Les personnages qui façonnent l’imaginaire collectif à partir de la production cinématographique manquent de diversité démontre l’étude « Cinégalité ». Les hommes blancs restent en haut de l’affiche.
Ce sont principalement des hommes et plutôt des hommes blancs hétéros de tous âges qui se donnent à voir sur le grand écran. Il suffit d’aller dans les salles obscures pour le constater. Mais à quel point ? A l’occasion de ses assises annuelles, le Collectif 50/50 a présenté les premiers résultats d’une vaste étude sur la diversité à l’écran.
« Cinégalité » étudie les Inégalités de représentation dans le cinéma français comme le fait le CSA avec son baromètre de la diversité à la télévision depuis 2018.
« Le cinéma n’a pas vocation à refléter parfaitement le réel. Cependant il participe à la réalisation d’imaginaire du monde social et produit des récits qui risquent parfois d’enfermer des groupes sociaux dans des assignations ou peut au contraire ouvrir sur des rôles possibles » prévient Maxime Cervulle, professeur en sciences de l’information et de la communication à l’université Paris-VIII qui a réalisé l’étude avec Sarah Lécossais, maîtresse de conférences en sciences de l’information et de la communication à l’université Sorbonne Paris-Nord.
Qui peuple le cinéma français ? Qui est relégué à la marge ? Comment sont présentés tel ou tel type de population ? Les chercheurs ont analysé le cinéma à partie d’un corpus des 100 films les plus financés et des 100 films ayant fait le plus d’entrées. Ils ont retenu 115 films et ont indexé 1591 personnages.
L’étude compare la place des certaines catégories de population au cinéma et leur place dans la vraie vie avec les chiffres de l’Institut national de la statistique et des études économiques (Insee).
Ainsi, si les femmes représentent 52 % de la population française, on n’en compte plus que 40 % dans les films étudiés… Et 38 % lorsqu’il s’agit du personnage principal. Si le cinéma français compte presque autant de personnages féminins sur la tranche 20 / 34 ans, en revanche les personnages masculins sont beaucoup plus nombreux chez les moins de 15 ans (83 % des personnages principaux). Et chez les 50/64 ans, on entre dans ce que l’association Actrices et acteurs de France associés (AFAA) a appelé le « tunnel de la comédienne de 50 ans ». Seulement 1,2 % des personnages principaux de cette tranche d’âge sont des femmes, alors qu’elles représentent 21,6 % de la population française. Autre donnée : une femme personnage principal sur deux apparaît dénudée dans le film contre 38 % des hommes.

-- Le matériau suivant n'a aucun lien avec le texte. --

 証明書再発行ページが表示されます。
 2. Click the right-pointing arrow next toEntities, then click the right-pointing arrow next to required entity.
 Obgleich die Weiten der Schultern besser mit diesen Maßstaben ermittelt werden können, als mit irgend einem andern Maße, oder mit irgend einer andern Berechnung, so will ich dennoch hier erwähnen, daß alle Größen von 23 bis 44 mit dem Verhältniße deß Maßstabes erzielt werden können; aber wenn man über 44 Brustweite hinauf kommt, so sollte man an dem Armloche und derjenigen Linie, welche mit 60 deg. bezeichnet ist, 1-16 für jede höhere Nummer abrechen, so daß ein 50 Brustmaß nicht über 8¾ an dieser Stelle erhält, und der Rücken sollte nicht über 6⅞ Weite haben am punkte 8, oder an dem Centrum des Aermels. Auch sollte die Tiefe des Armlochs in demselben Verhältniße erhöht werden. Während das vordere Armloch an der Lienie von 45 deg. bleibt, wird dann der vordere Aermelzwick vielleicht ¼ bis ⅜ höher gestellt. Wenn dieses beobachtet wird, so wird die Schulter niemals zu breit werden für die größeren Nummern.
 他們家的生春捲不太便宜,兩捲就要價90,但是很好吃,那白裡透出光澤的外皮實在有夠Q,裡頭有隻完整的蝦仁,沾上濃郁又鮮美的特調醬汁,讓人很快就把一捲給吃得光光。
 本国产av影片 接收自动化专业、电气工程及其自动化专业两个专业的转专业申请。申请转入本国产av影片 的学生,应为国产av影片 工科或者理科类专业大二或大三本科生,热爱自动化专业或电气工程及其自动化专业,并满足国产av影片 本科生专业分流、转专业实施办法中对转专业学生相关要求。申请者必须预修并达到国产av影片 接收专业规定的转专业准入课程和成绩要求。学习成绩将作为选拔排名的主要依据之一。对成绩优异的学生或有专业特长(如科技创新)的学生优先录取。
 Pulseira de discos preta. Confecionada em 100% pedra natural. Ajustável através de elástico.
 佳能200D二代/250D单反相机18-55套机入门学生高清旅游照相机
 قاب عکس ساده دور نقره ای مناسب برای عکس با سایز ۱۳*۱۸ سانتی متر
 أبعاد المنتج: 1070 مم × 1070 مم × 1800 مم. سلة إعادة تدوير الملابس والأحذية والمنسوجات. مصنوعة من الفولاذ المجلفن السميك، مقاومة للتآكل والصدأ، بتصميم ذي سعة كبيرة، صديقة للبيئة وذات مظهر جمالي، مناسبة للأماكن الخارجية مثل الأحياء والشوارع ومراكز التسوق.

Concernant le critère « d’origine perçue », 81 % des personnages principaux sont perçus comme étant des Blancs. Pour les personnages principaux, si l’on trouve quelques femmes perçues comme non blanches chez les jeunes, elles sont quasiment inexistantes quand elles sont âgées.
Les personnages perçus comme non blancs sont aussi sur-représentés parmi ceux qui s’engagent dans des activités illégales ou marginales, 40 % ont un accent étranger et 31 % parlent une langue étrangère.
Dans les films français, 11 % des personnages « racisés » commettent des crimes, contre 4 % des personnages perçus comme blancs. Et parmi les personnages perçus comme musulmans, 28 % sont montrés dans des actes de délinquance ou de criminalité.
Le décalage entre l’imaginaire construit par le cinéma et la réalité se retrouve dans le statut socioprofessionnel des personnages principaux : les cadres représentent 51 % des personnages sur grand écran alors qu’ils ne comptent que pour 18 % de la population active en France. Les ouvriers, en revanche représentent 21 % des actifs mais seulement 4 % des personnages de cinéma et sont plutôt mis en scène dans des comédies… « On rit davantage des classes moyennes, les classes supérieures se retrouvent dans les drames » constate Maxime Cervulle.
L’argent public va aux hommes
L’étude fait enfin un focus sur les 15 films les plus financés : tous ont été réalisés par un ou des hommes. Dans deux d’entre eux, une femme a écrit en duo avec un homme et quatre femmes se sont glissées sur l’un des 45 postes de création. Focus sur les 7 films les plus financés : tous sont entièrement réalisés écrits et produits par des hommes. Pour les 15 plus financés, 80 % des personnages principaux sont des hommes.
Le collectif 50/50 qui veut engager le cinéma sur la voie de l’éga-conditionnalité des financements suit de près l’initiative adoptée en 2018 par le Centre National de Cinématographie : un bonus de 15% pour les films dont les équipes sont paritaires. Une initiative qui semble porter ses fruits mais il en faudra encore d’autres pour résorber les écarts.